Udo Hesse | One day Visa for East-Berlin

Berlin-Köpenick, 1983, in a café © Udo Hesse
Berlin-Köpenick, 1983, in a café © Udo Hesse

Location: Ex-Cavallerizza, Piazzale Giuseppe Verdi.
Hours: Monday to Friday 3 – 7:30 pm / Saturday and Sunday 10 am to 7:30 pm


UDO HESSE | EAST-BERLIN

curated by Markus Hartmann  

In 1981 West-Berlin based photographer Udo Hesse started to visit regularly East-Berlin (in the Soviet Occupation Zone), the other part of the divided city of Berlin. His idea was to document the former center of Berlin, “Berlin Mitte”, which was located behind the Berlin Wall in East-Berlin, and to publish a photobook with those photographs.

To cross the border was again and again an uncomfortable procedure, because of the unpleasant rather indiscreet border controls. The controls were time consuming and included a compulsory exchange of 25 West Mark to East Mark at a rate of 1:1. This money had to be spent within East-Berlin, during the maximum stay of 24 hours. One could not keep any East Mark, when leaving East-Berlin.

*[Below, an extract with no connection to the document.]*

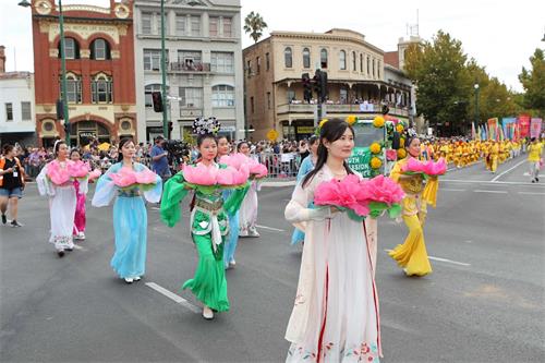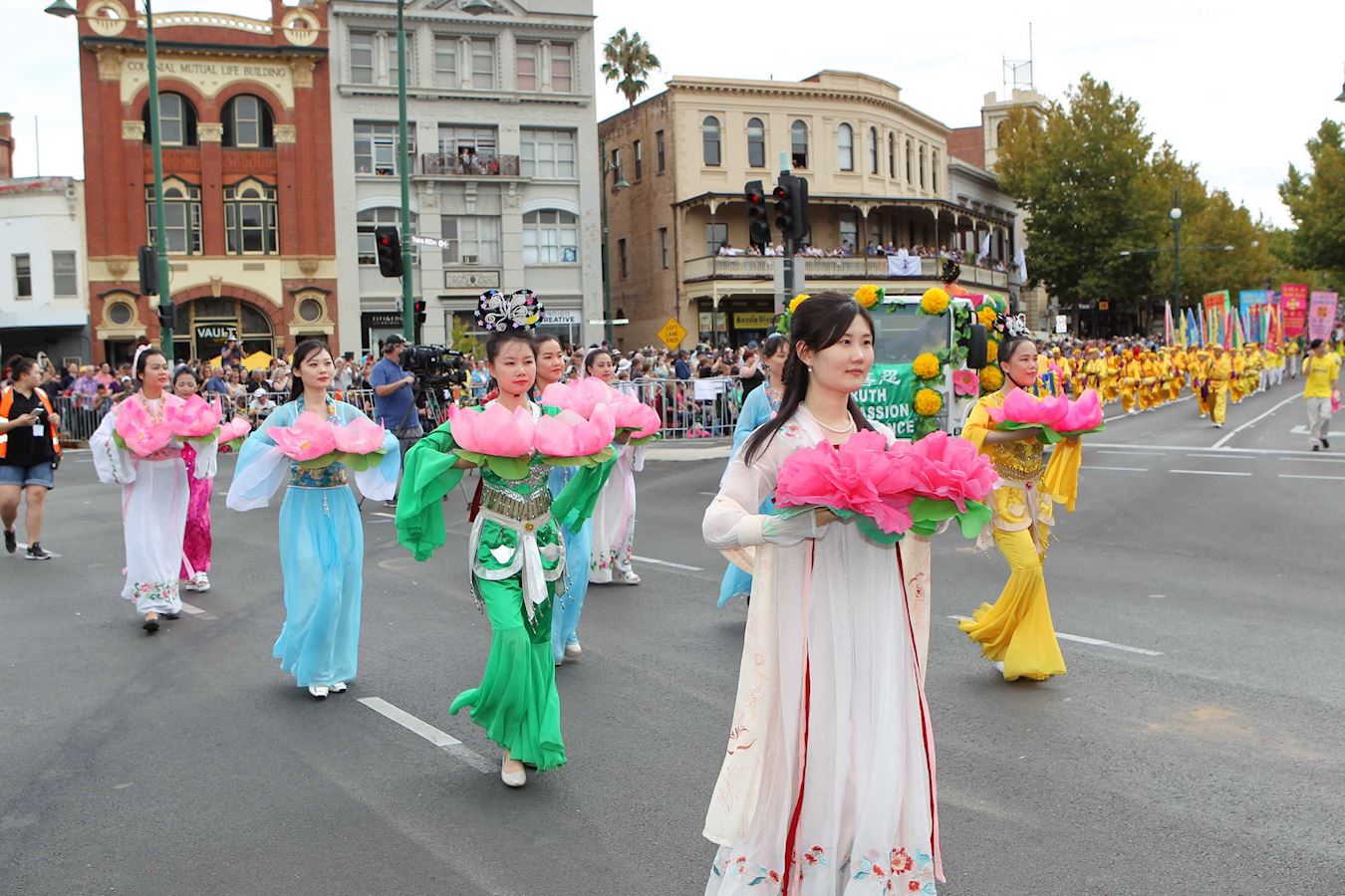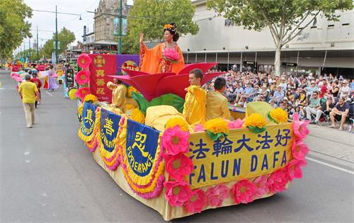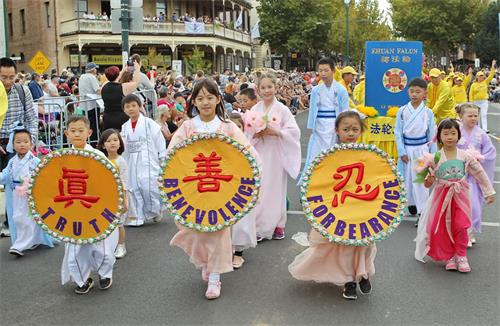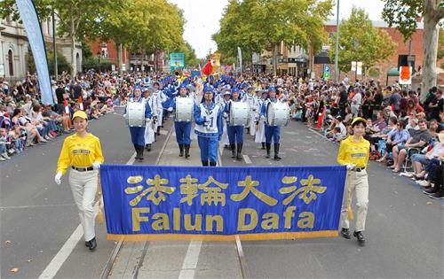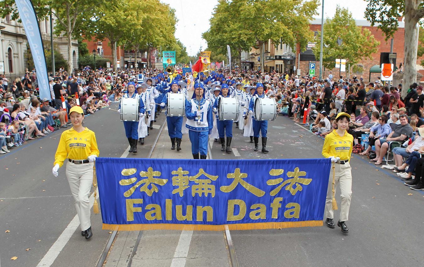 【明慧网二零一九年四月二十四日】(明慧澳洲墨尔本记者站报道)二零一九年四月二十一日,一年一度澳洲最古老复活节盛装大游行(Easter Gala Parade),在维多利亚州历史上的淘金重镇本迪戈(Bendigo)隆重登场。墨尔本法轮功学员再次受邀参加,包括天国乐团在内的不同族裔的学员,以优美祥和、明丽的表演,将大法“真、善、忍”的福音带给现场八万观众。

From 1981 to 1983 Hesse photographed everyday life in the streets and special occasions like the parades on May 1st. For him it was like visiting a country which seemed familiar, but at the same time constantly alienating and almost exotic. The public events followed rules that were difficult to understand and meetings only took place person to person, face to face.

He was arrested on March 9th 1982 by the Volkspolizei (people’s police). He had photographed the wall and the viewing platform in the West from Schwedterstrasse. All of his photographic material was confiscated during the arrest. Throughout the course of the interrogation the officials became more friendly and he was asked for another meeting in two weeks time. It was obvious that the Stasi was interested in him. However, he did not respond to this request. It was only after applying to the Federal Commissioner for the Stasi Archives in 2007 that Hesse received a 40 page copy of his Stasi file – inside were copies of the forbidden photographs from March 9th 1982. From the five films originally confiscated he received seven of the original negatives back. The rest of the material was untraceable. It became clear from his file that the Stasi had planned in detail his recruitment as a nonofficial collaborator and therfore asked for more meetings.